梶原 誠 (筑波大学 生物学類 4年) 指導教官:田仲 可昌 (筑波大学 生物科学系)
<導入・目的>
転写因子は遺伝子の発現を制御する上で重要な役割を担っている調節因子であり、遺伝子の時間的・空間的制御を必須とする多細胞生物の発生において中心的な役割を果たしている。しかしながら、発生・細胞分化に関わる遺伝子発現がいつ・どのような転写因子によって調節されているのかは不明な点が多い。
本研究室では細胞性粘菌Dictyostelium discoideumの発生をモデルとした多細胞体形成や分化機構に関する研究が、細胞性粘菌のゲノム解析によって得られた転写因子候補遺伝子に注目し進行している。すでにいくつか転写因子候補遺伝子の破壊株が作成され、転写因子の多細胞体形成における遺伝子調節の解析が始まろうとしている。

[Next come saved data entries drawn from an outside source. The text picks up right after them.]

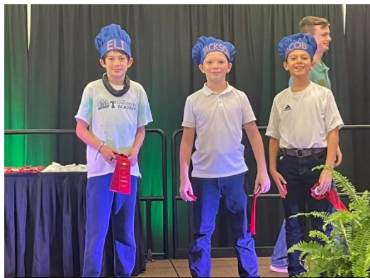
The Brunch Boys – 2 nd Place Appetizer
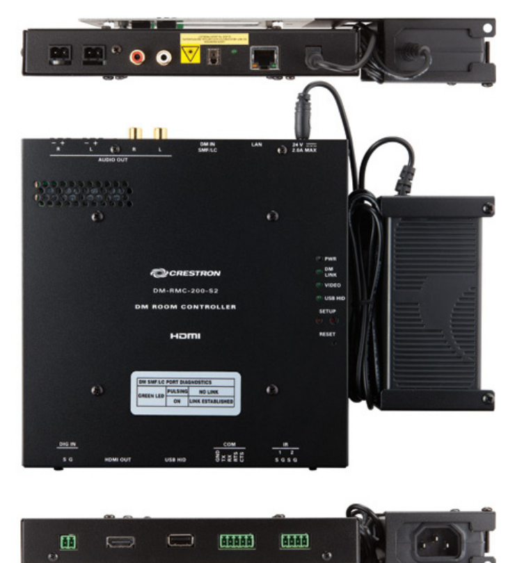
DM-RMC-200-S2 - Rear, Top, Front, and Bottom Views
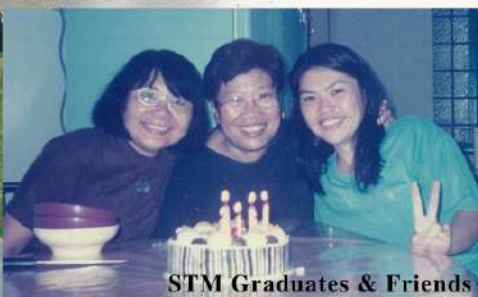
STM Graduates & Friends
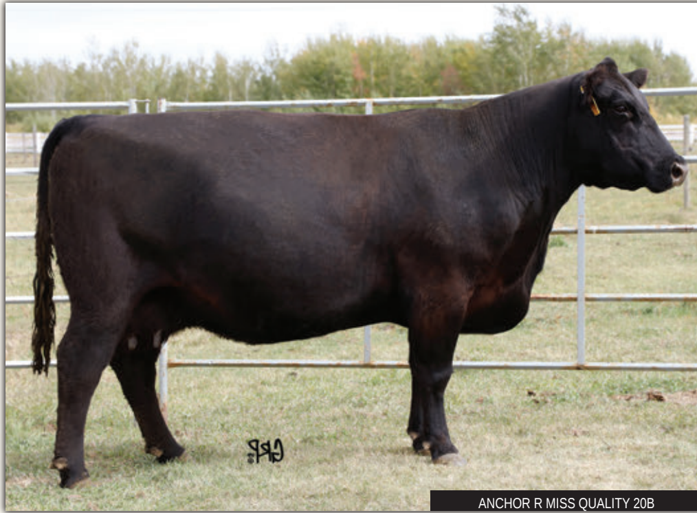
ANCHOR R MISS QUALITY 20B

LOOKOUT PACESETTER 258M CRESCENT CREEK EULA 71R CRESCENT CREEK SCOTCHMAN 26R SANDY BAR MISS QUALITY 90N
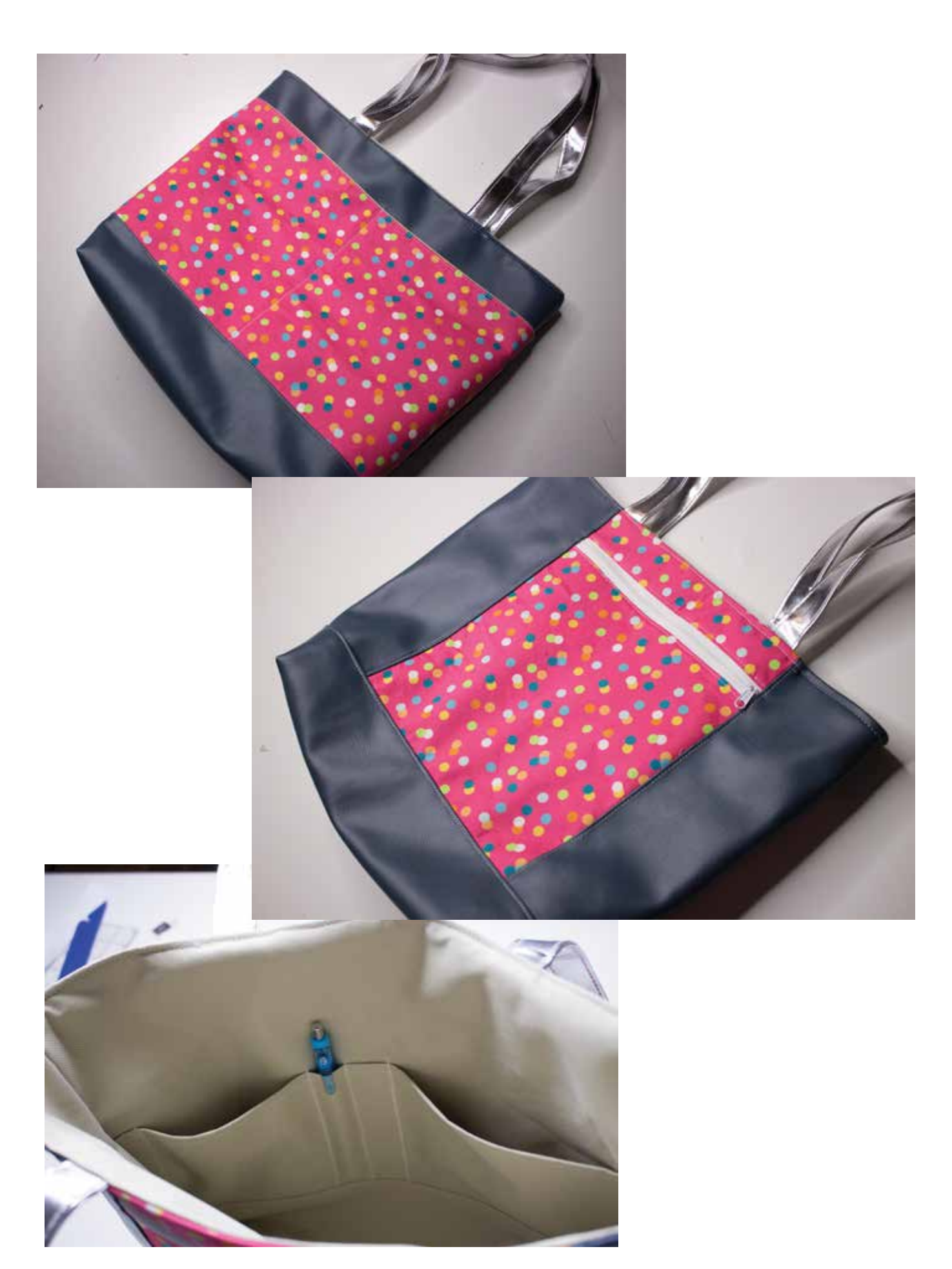
Charmed by Ashey Copyright 2020
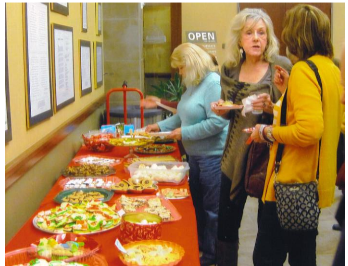
Holiday refreshments at the December 4, 2013 meeting.
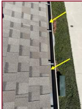
GRANULES IN GUTTER

The downspouts around the subject building handle a large volume of water when raining. Large areas of erosion creating depressions were observed in various locations around the building. These areas are allowing water to pond or stand next to the foundation. Water should not be allowed to stand near a foundation for more than 24 hours. Extensions should be added to the downspouts allowing water to drain away from the foundation.
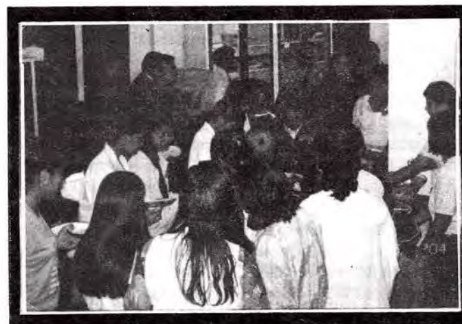
Wanna be ka ba o wanna be iba? — Some officers and the BBCCC scholars during the latter's recognition of graduates
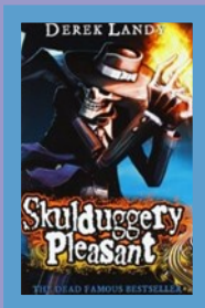
Skulduggery Pleasant Derek Landy

その研究の一環として、得られた破壊株の発生過程・細胞分化パターンを詳細に観察するために、細胞性粘菌の分化パターン特異的に発現する既存のマーカー遺伝子コンストラクトを破壊株に導入することを試みた。しかし、このマーカー遺伝子コンストラクトはゲノムにランダムに組み込まれるタイプのため、組み込みによる二次的変異を引き起こす恐れがあり、さらに形質転換効率が非常に低く今後の研究に適切でないと判断した。そこで本研究では、ゲノム組み込み型ではないマーカー遺伝子コンストラクトの作製を行った。
<材料・方法>
既存のマーカー遺伝子コンストラクトはゲノムにランダムに組み込まれるタイプであり、検出方法はβ‐galactosidase活性による方法であったが、新しく作製するマーカー遺伝子コンストラクトはゲノムに組み込まれず染色体外で発現するextrachromosomal型で、活性の検出はGFPの蛍光発色による方法にした。以下にその作製手順を示す。

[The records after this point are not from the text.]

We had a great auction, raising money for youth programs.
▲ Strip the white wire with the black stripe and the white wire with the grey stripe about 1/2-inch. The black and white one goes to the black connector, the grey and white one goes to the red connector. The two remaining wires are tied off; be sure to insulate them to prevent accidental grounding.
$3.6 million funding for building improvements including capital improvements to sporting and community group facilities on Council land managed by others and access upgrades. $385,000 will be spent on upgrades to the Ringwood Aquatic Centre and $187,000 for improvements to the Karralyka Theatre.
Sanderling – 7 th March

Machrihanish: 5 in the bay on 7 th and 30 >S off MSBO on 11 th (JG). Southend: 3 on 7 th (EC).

1)既存のゲノム組み込み型のマーカー遺伝子コンストラクトから、粘菌の分化パターン特異的(時間的・空間的)に発現する遺伝子(ecmA,ecmB,ecmO,ecmAO,pspA)のプロモーター部分を切り出す。
2)新しくベースとなるextrachromosomal型のGFPベクター(右下図参照)から、Act15プロモーター部分を抜き出す。
3)DNA断片をつなぎ合わせる。
4)それぞれのプロモーター下流で、GFPのORFのフレームが合っていることを、塩基配列を決定して確認する。
<結果>
作製したプラスミドベクターは右図のようになる。今後の予定としては、
挿入したプロモーター部分が設計した位置と同じ向きに挿入されて
いるかどうかを塩基配列を決定して確認する。その後、これらの
マーカー遺伝子コンストラクトを野生株の粘菌細胞に導入して
GFPが分化パターン特異的に発色するかを調べる。